Evidence collection during disease outbreaks - Living systematic reviews

Article type
Authors
Counotte MJ1, Imeri H1, Meili K2, Low N1
1Institute of Social and Preventive Medicine, University of Bern, Bern
2Department of Epidemiology and Global Health, Umeå University, Umeå
Abstract
Background: Early in disease outbreaks, evidence is often scarce but accumulates rapidly. Living systematic reviews (LSR) are systematic reviews that are updated as soon as new information becomes available and provide a solution to keep up with the evidence. However, LSRs in an emerging outbreak setting face unique challenges compared to other LSRs: Relevant information first becomes available in preprint publications, that are replaced by their peer-reviewed version and as outbreaks emerge, search terms may change.

Objectives: Here, we describe how we built an LSR system to cope with the rapidly evolving evidence of emerging outbreaks. We describe the challenges we faced conducting LSRs during the Zika virus and the COVID-19 outbreak. We focus on the methods used to retrieve unique citations from different sources and creating updatable data output.

Methods: We use application programming interfaces (API) to collect citation data from the preprint servers BioRxiv and MedRxiv, and from the medical bibliographic databases EMBASE, PubMed (Figure 1). We verify and clean the data. We apply deduplication algorithms to retain unique citations. We compared a rule-based algorithm using similarity scores with thresholds, a logistic regression model predicting duplicate status and a blended approach, where both were combined. We calculate similarity scores between titles, authors, journal names and other properties, using Longest Common Subsequence and other similarity indices. In a test-set of 2500 records from EMBASE and PubMed, with 220 duplicate and 2280 non-duplicate pairs, both the logistic regression prediction and the blended approach had a sensitivity of 100% and a specificity of 100%. Unique citations are retained and imported into a central database in ‘Research Electronic Data Capture’ (REDCap). Although primarily designed for data collection for clinical trials, the database allows tracking changes, has a conflict-resolution workflow, and allows API access. The database allows flexible data output, formatted as Research Information Systems (RIS) or Extensible Markup Language (XML), compatible with all citation managers.
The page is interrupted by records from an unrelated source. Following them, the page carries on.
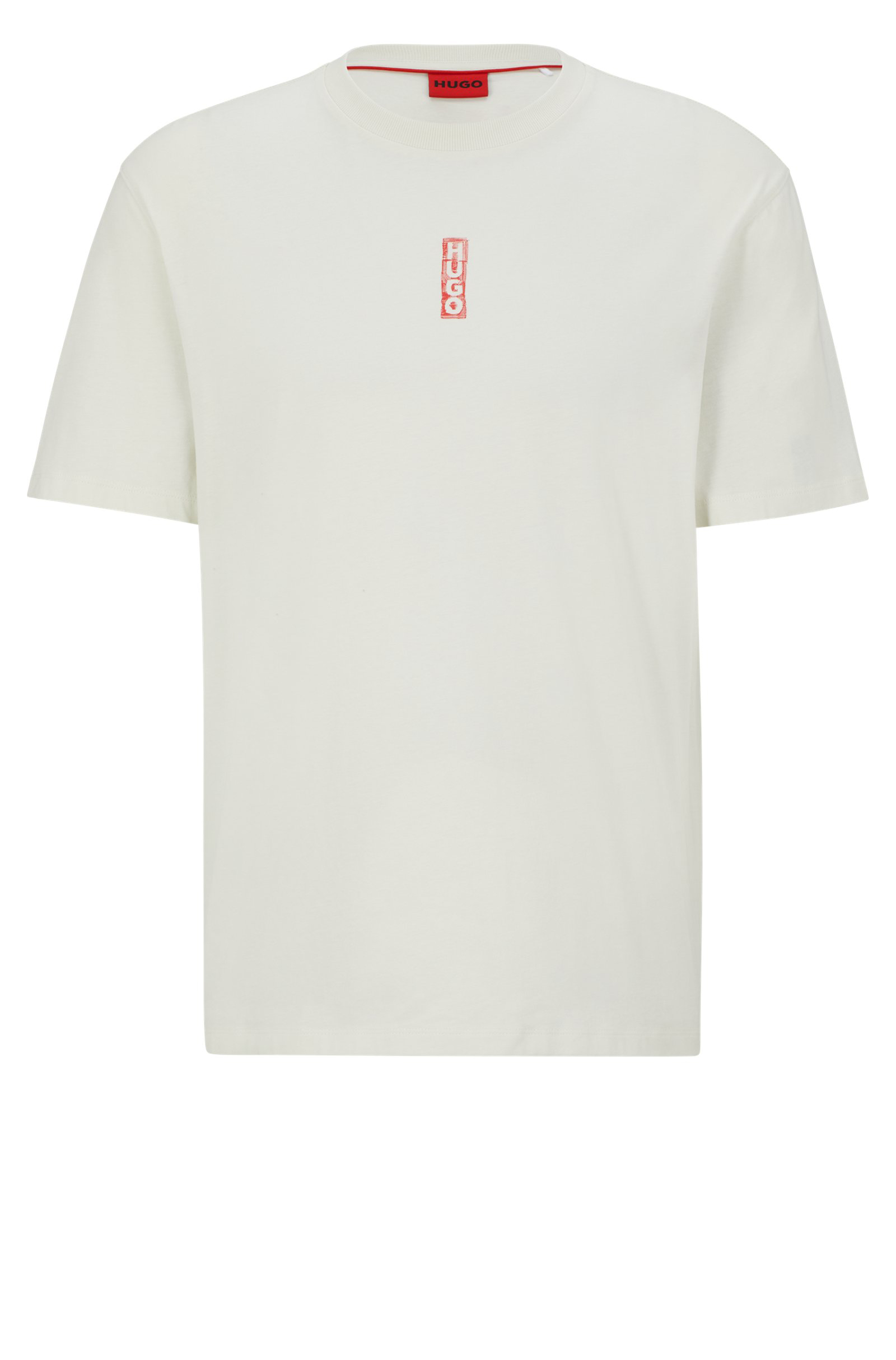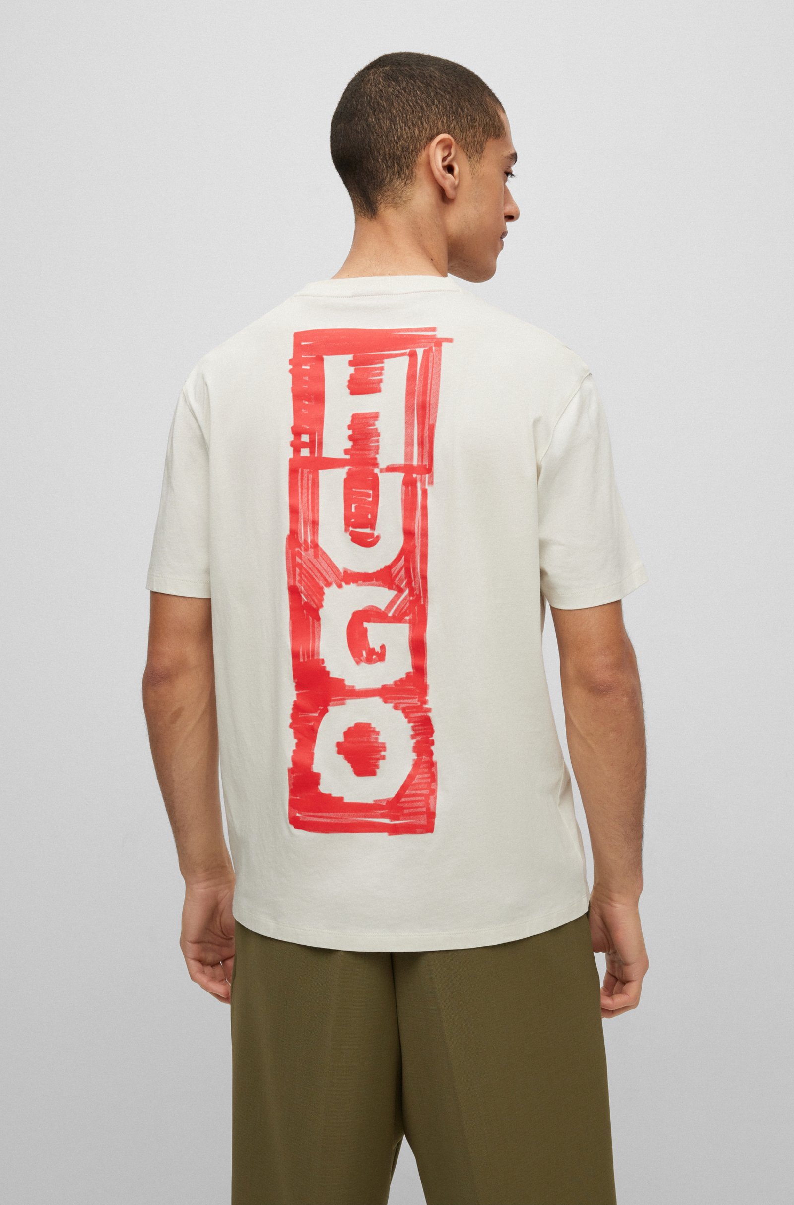 Zeitgemäßes HUGO T-Shirt aus Single Jersey mit lockerer Passform und Logo-Details im Marker-Stil auf Vorder- und Rückseite.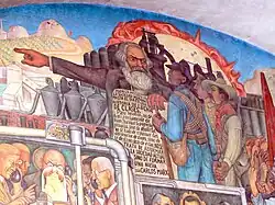 Marx's critiques of history, society and political economy hold that human societies develop through class conflict. In the capitalist mode of production, this manifests itself in the conflict between the ruling classes (the bourgeoisie) that control the means of production and the working classes (the proletariat) that enable these means by selling their labour power for wages.[4] Employing his historical materialist approach, Marx predicted that capitalism produced internal tensions like previous socioeconomic systems and that these tensions would lead to its self-destruction and replacement by a new system known as the socialist mode of production. For Marx, class antagonisms under capitalism—owing in part to its instability and crisis-prone nature—would eventuate the working class's development of class consciousness, leading to their conquest of political power and eventually the establishment of a classless, communist society constituted by a free association of producers.[5] Marx actively pressed for its implementation, arguing that the working class should carry out organised proletarian revolutionary action to topple capitalism and bring about socio-economic emancipation.[6]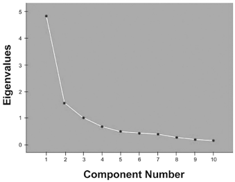 Regarding the validation and structure of the OCAL-TM, data from the screen plot and eigenvalues were used to determine the optimal number of factors. This analysis indicated that the most appropriate configuration for the scale consisted of two factors, as shown in Graph 1. During this process, item 5 was eliminated due to its reduced factor loading (< .40). The final scale therefore comprised 10 items (as shown in Table 2), showing that two factors accounted for 63.44% of the variance, and demonstrating high reliability with a Cronbach’s alpha coefficient of .874.

Results: The LSR system allows us to optimize our workflow. We receive daily new deduplicated citations from different sources. Using a central database, in which we screen and extract data, we can create dynamic content that allows rapid updating of figures, tables and other output. Indexed citations are distributed for screening and verification to a crowd; online tools are used to allow rapid screening and verification.

Conclusions: LSRs in an emerging outbreak allow us to keep up with the evidence, however, poses unique challenges.